The Per sequence GC content graph gives an idea of contamination in present. How do we identify the type of contaminant? The shift in the curve towards left or right might give some idea, but how to interpret graph with multi peaks. I trimmed to remove the adopters and low quality bases but the peaks did not change.
Edit (21Aug19):: Is multiple peaks linked to samples with rRNA depletion method. I suspect this because I have both poly-A selected and rRNA depleted samples and multiple peaks occurred only in rRNA depleted samples. I further performed the downstream analysis and through Picard I observed higher intronic and intergenic bases and almost no rRNA aligned bases. Is this due to the presence of ncRNA besides mRNA?
If you have rRNA contamination in your data you may see a shifted GC content peak. So that would be first thing to check.
There may be rare instances where having a dual GC peak (e.g. bacterial symbionts in Drosophila) may be expected.
My sample is from Human cell.
For rRNA contamination I believe it will be a smooth curve just shifted to one side. If you see the attached image, it seems to me a bit unusual, though not sure.
I did check with FastQ Screen for rRNA contamination but none detected. The histogram from the tool has three major bars, human, mouse and rat. Human is the tallest as expected.
If you feel you have eliminated obvious contaminants then I suggest you go ahead and start with alignments/other analysis. If you detect a problem with those you can come back and investigate this further.
do you have over-represented sequences ( fastqc should report you that ) ?
Yes. After trimming, few of the sequences that were reported as primer/adapter were removed and the once that remained have no known hit. I randomly selected few sequences and performed blast.
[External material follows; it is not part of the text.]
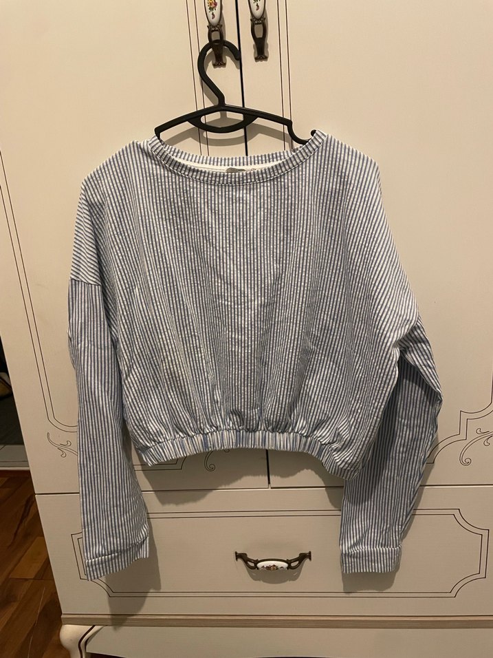 Uzun kollu, yuvarlak yakalı, gri çizgili, pileli ve bol kesim bluz. Rahat sokak stili için uygundur.

For most there was no significant hit against human genomic + transcript db. While against all nucleotide I did observe BAC and few other species.
I am curious to know if there's a method for understanding if rRNA contamination (or other sources that could drive a shift in the GC content distribution) has an effect on differential gene expression. I am also analyzing samples with abnormal GC distribution (for which overrepresented sequences included ribosomal proteins, specifically), but I don't really understand what else I can do...
It might if you have very uneven rRNA contamination across your samples. What fraction of your data do you estimate to be rRNA?
Thanks, genomax! How can I estimate this? My alignment rate is between 75-80% for all samples, and the GC content distribution (after adapter trimming or not) looks like this (multiqc summary of fastqc analysis of all samples). Overrepresented sequences blast to ribosomal genes.
Oh, 3 "overrepresented sequences" detected in FASTQC (blasting to the same ribosomal protein) each account for around 12% of the sequences in one of my samples... eeek Is this bad? All other samples look similar.
If all samples have a similar rRNA content then it is possible that ribodepletion or mRNA enrichment did not work great. Not much you can do at this stage about that part.
You may be able to a) either remove the rRNA reads by binning bbsplit.sh from BBMap suite or SortMeRNA) or b) in RNAseq counting rRNA reads would not be counted.
Thanks for your suggestions, genomax, they're super helpful! I used SortMeRNA to remove rRNA from the reads in one sample, but the GC content distribution seen in FASTQC is pretty identical to the one observed prior to removing the rRNA. I would like to try option b), but I don't understand 100% what you mean. I am using kallisto for gene expression quantitation - does that mean that I should remove rRNA sequences from my reference index file (from kallisto)? Or should I just not call any ribosomal genes in R when I am importing my counts obtained with kallisto (using the regular reference file)? Thanks, and sorry for the basic Qs.
That GC distribution looks pretty extreme. Is this a metagenomic sample where one would expect to see GC distribution like this since multiple genome species would be present. What kind of data is this and is something different being done with the samples during prep?
Hi genomax, thanks once again for your input! No, this is RNA-seq data from Poly-A enriched total RNA extracted from a human cell line (NEBNext Ultra Directional RNA Library Prep Kit for Illumina), so I am a bit surprised with the high GC peak I see in every sample. The technicians who constructed the library mentioned that all samples were treated equally, according to their protocols, but maybe one/some of their reagents had gone off? What do you think is the best course of action? This post recommends not deleting rRNA as this could bias the differential gene expression analysis.